Addendum 4: In the setting of Whyburn's book Analytic topology it is shown, that a compact set cannot be $1$-flimsy (Chapter 3, Theorem 6.1). Since all my examples for $1$-flimsy spaces are non-compact: Is there an example of a compact $1$-flimsy space? Are all $n$-flimsy spaces non-compact (at least they are infinite)?
Best Answer
If I did not make any mistake, 3-flimsy spaces does not exist. You can check this link for my proof and some other results about 2-flimsy spaces. Without giving all the details, here are the big steps of the proof:
First, we show that if $X$ is a 2-flimsy space and $x\neq y\in X$, then $X\backslash\{x,y\}$ has exactly two connected components. For this, we consider 3 open sets $U_1,U_2,U_3$ such that $(U_1\cup U_2\cup U_3)\cap\{x,y\}^{c}=X\backslash\{x,y\}$, $U_1\cap U_2\cap\{x,y\}^{c}=U_1\cap U_3\cap\{x,y\}^{c}=U_2\cap U_3\cap\{x,y\}^{c}=\emptyset$, and $\forall i\in\{1,2,3\},\ U_i\cap\{x,y\}^{c}\neq\emptyset$. If $u_1\in U_1\cap\{x,y\}^{c}$ and $u_2\in U_2\cap\{x,y\}^{c}$, then we can show $X\backslash\{u_1,u_2\}$ is connected.
The second big step is to consider $x,t,s\in X$, three distinct points of a $2$-flimsy space. We denote $C_1(t),C_2(t)$ the two connected components of $X\backslash\{x,t\}$ and $C_1(s),C_2(s)$ the two connected components of $X\backslash\{x,s\}$. We suppose $s\in C_1(t)$ and $t\in C_1(s)$. Then $D=C_1(t)\cap C_1(s)$ is one of the two connected components of $X\backslash\{t,s\}$. In fact, the finite number of connected components implies $C_2(t)\cup\{x\}$ is connected, so the same goes for $(C_2(t)\cup\{x\})\cup(C_2(s)\cup\{x\})$ : the only thing to verify is the connectedness of $D$. The proof looks like to the first step. If $U,V$ are two open sets of $X$ such that $U\cap V\cap D=\emptyset$, $(U\cup V)\cap D=D$, and $U\cap D\neq\emptyset$ and $V\cap D\neq\emptyset$, and if $u\in U\cap D$ and $v\in V\cap D$, then we show $X\backslash\{u\}$ or $X\backslash\{v\}$ is not connected.

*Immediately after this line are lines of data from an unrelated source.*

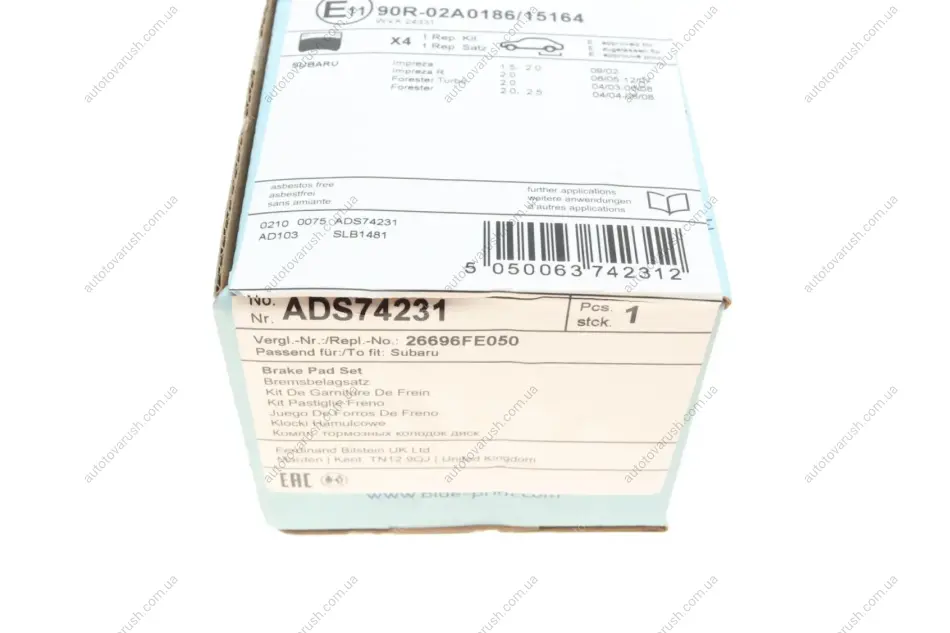 ADS74231 BLUE PRINT Колодки гальмівні (задні) Subaru Impreza 99-/Forester 02-12/Saab 9-2X 04-06 задні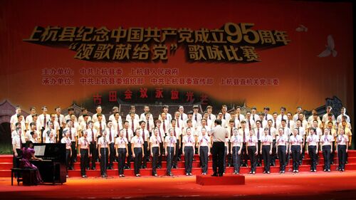 6月30日晚,上杭县客家缘演艺中心举办的上杭县纪念中国共产党成立九十五周年的歌咏比赛中,由我院2013级70多位学生为主组成的紫金矿业代表队合唱曲目《过雪山草地》获得二等奖的优秀成绩。本次“颂歌献给党”歌咏比赛由中共上杭县委、上杭县人民政府主办。来自县直系统(党委)、企业党委共17支队伍参赛,活动共评出一等奖3名、二等奖9名,紫金矿业代表队在总评分排名中列第四名。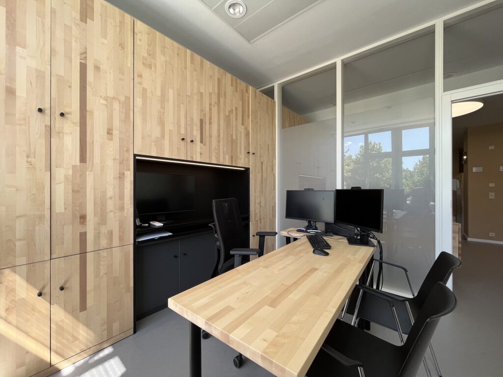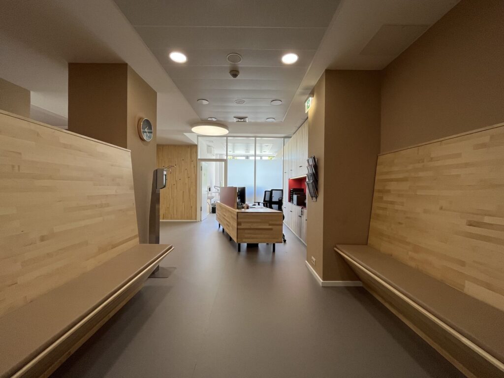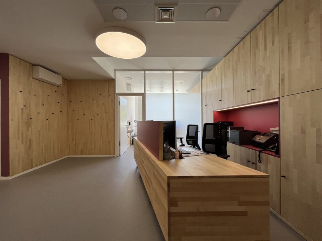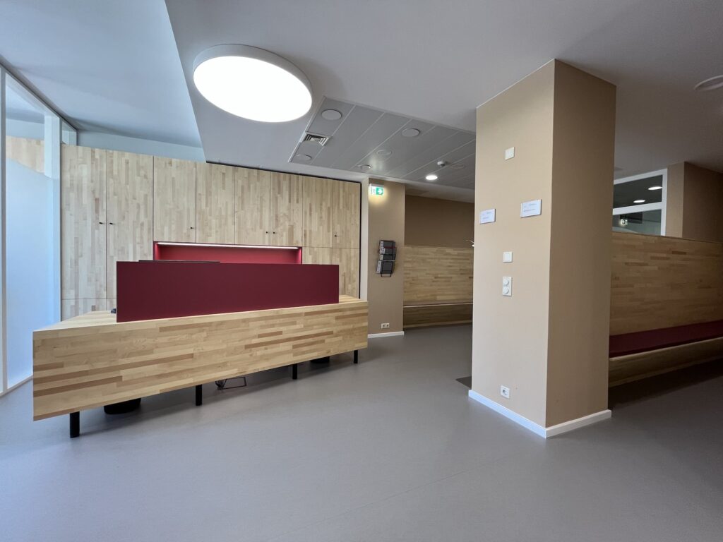 #Arztpraxis #Praxissanierung #Nuklearmedizinische Praxis #Carl-von-Basedow-Klinikum #Strahlenschutz #Möbel #Massivholz #Bioboden #Pflanzenöl Fußboden robust #Ahorn keilgezinkt geölt #Kautschuk #Tischlerarbeit #Farbkonzept #Beleuchtungskonzept #Counter #Bildschirmarbeitsplätze #Rezeption #Empfang #HOAI LPH 1, 2, 3, 5, 7, 8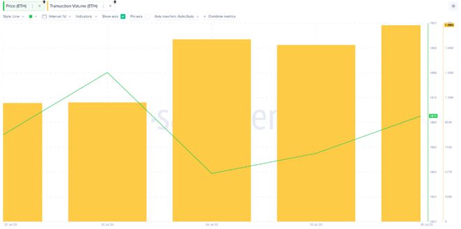 截至 7 月 22 日这一周初,以太坊网络上的交易量为 114 万 ETH。然而,到7月27日,日交易量已逐渐攀升至188万ETH。这意味着仅本周交易活动就激增了 65%。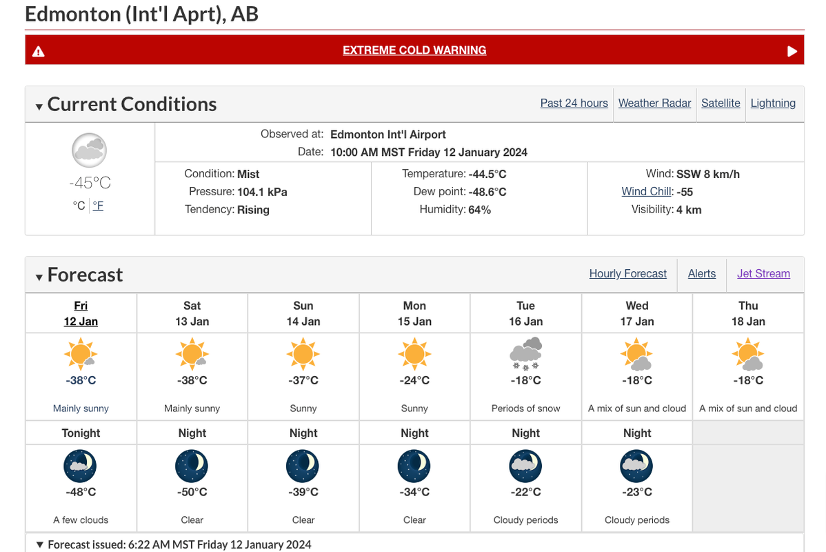 If we get -50°C, then that is a 138 year record smashed. Coldest recorded temperature in Edmonton was -49.4°C in 1886.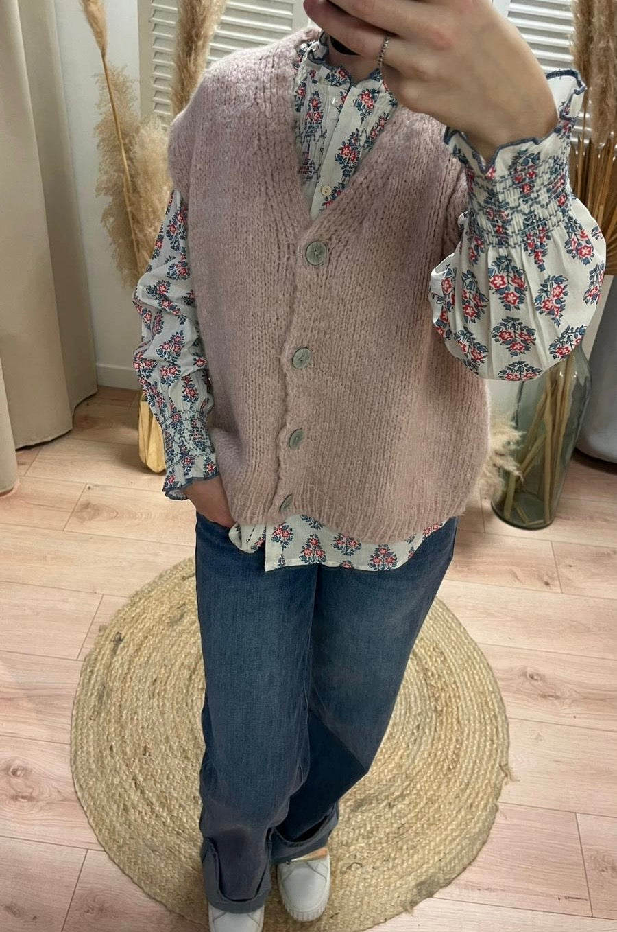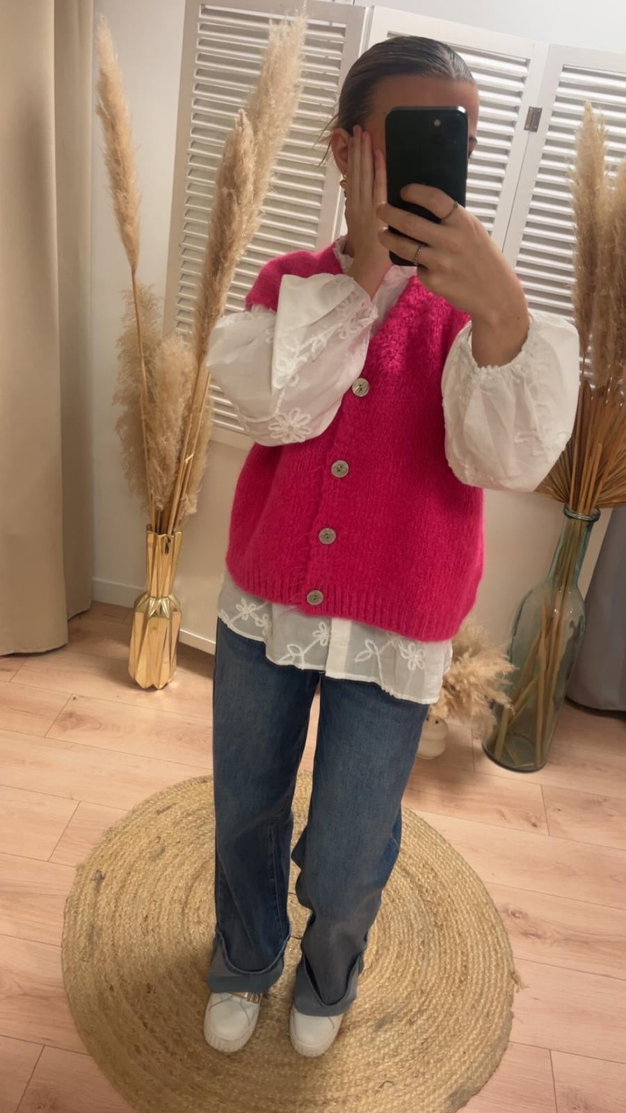 Gilet sans manches avec quartes gros boutons nacrés pour un peu de chaleur avec élégance.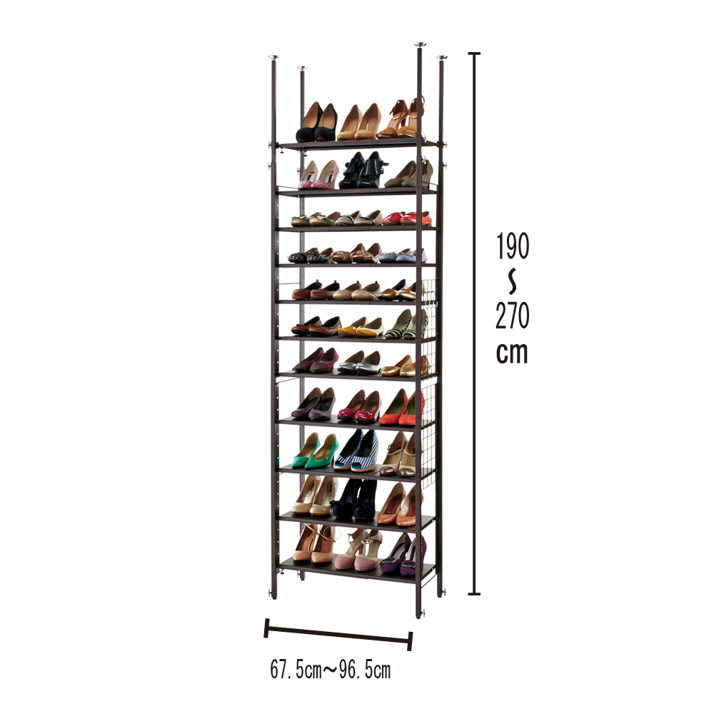 玄関の段差対応伸縮シューズラック 突っ張り式 11段 シューズラック ケース 下駄箱 玄関収納 631603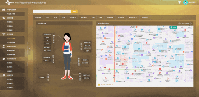 同时,基于AI先知先觉的预警优势与大数据强大的分析能力,实现学生心理异常预警、失联预警、夜归预警、逃课预警,助力学校管理者深度感知学生学习、生活、社交等发展现状,为相关职能部门提供科学决策依据,实现个性化推荐教学服务,有效引导学生健康成长。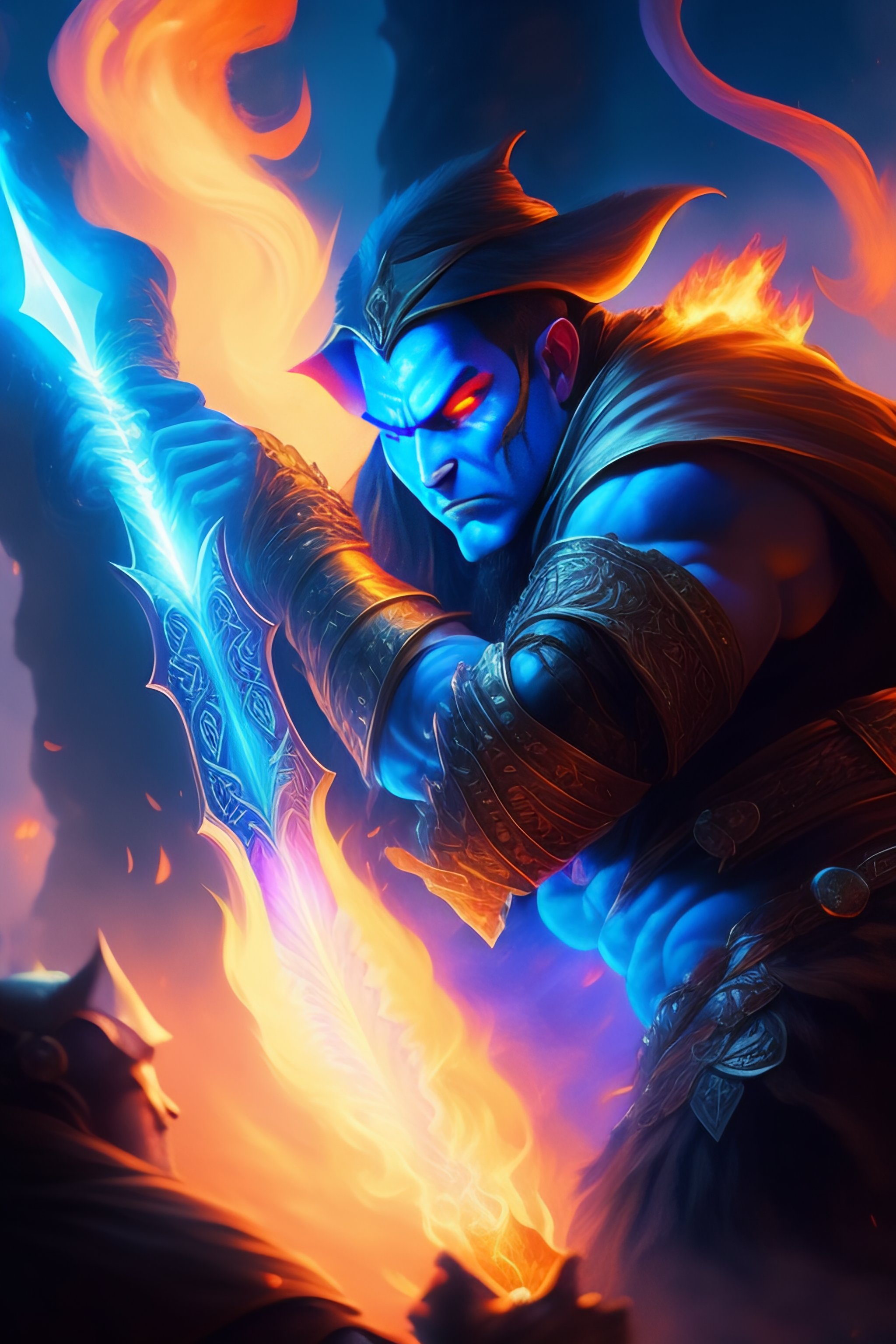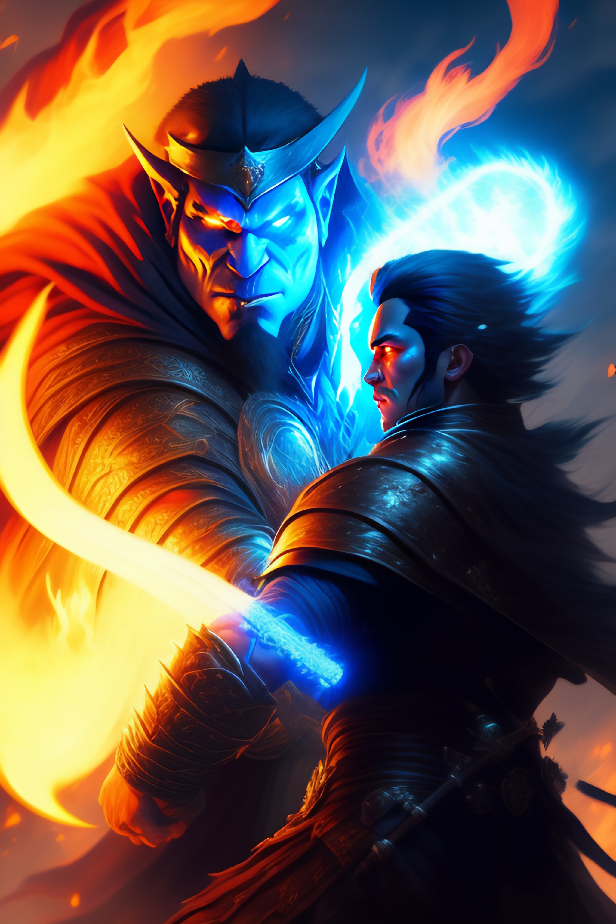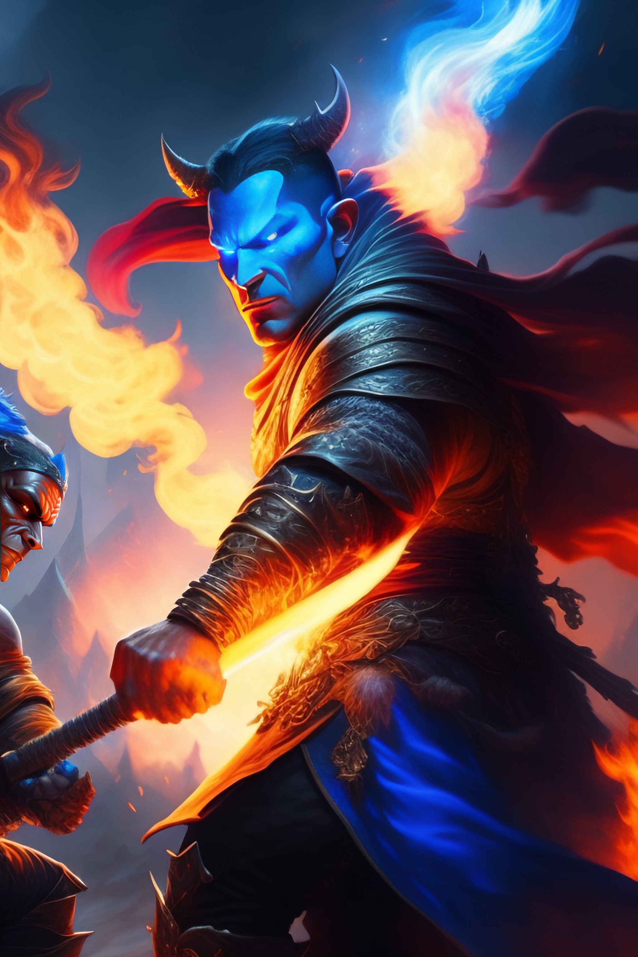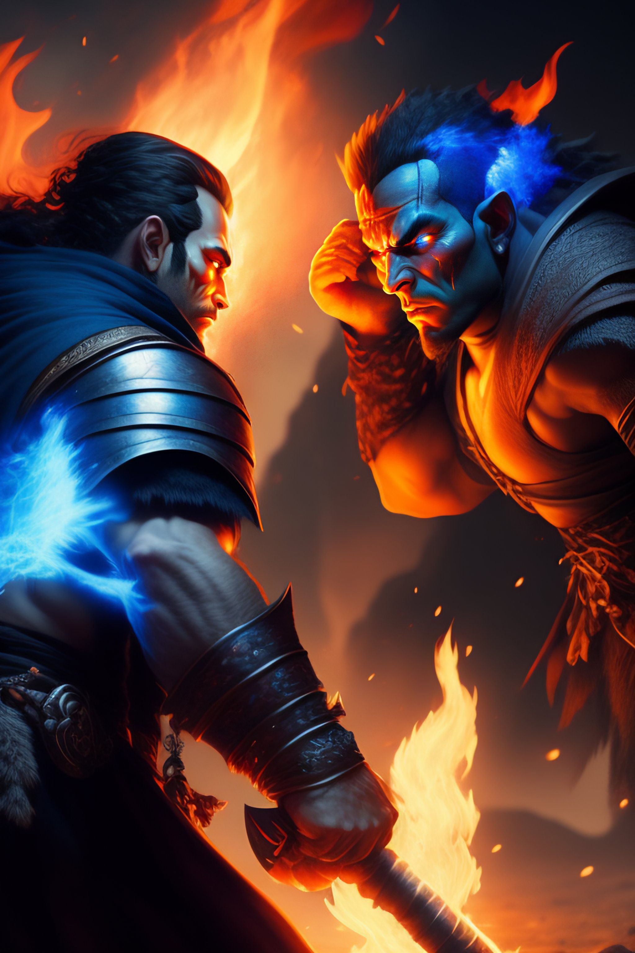 A pyromancer is fighting a orc with blue fire, medium level shot, epic scene, mucha style, general fantasy, illustration, concept art

Finally, if $X$ is a $3$-flimsy space and $x,y,t,s$ some distinct points of $X$, then $D$ (defined as previously in $X\backslash\{y\}$, a 2-flimsy space) is open and closed in $X\backslash\{x,t,s\}$ and in $X\backslash\{y,t,s\}$, so it is open and closed in $X\backslash\{t,s\}$, which is not connected. So $X$ is not a 3-flimsy space after all.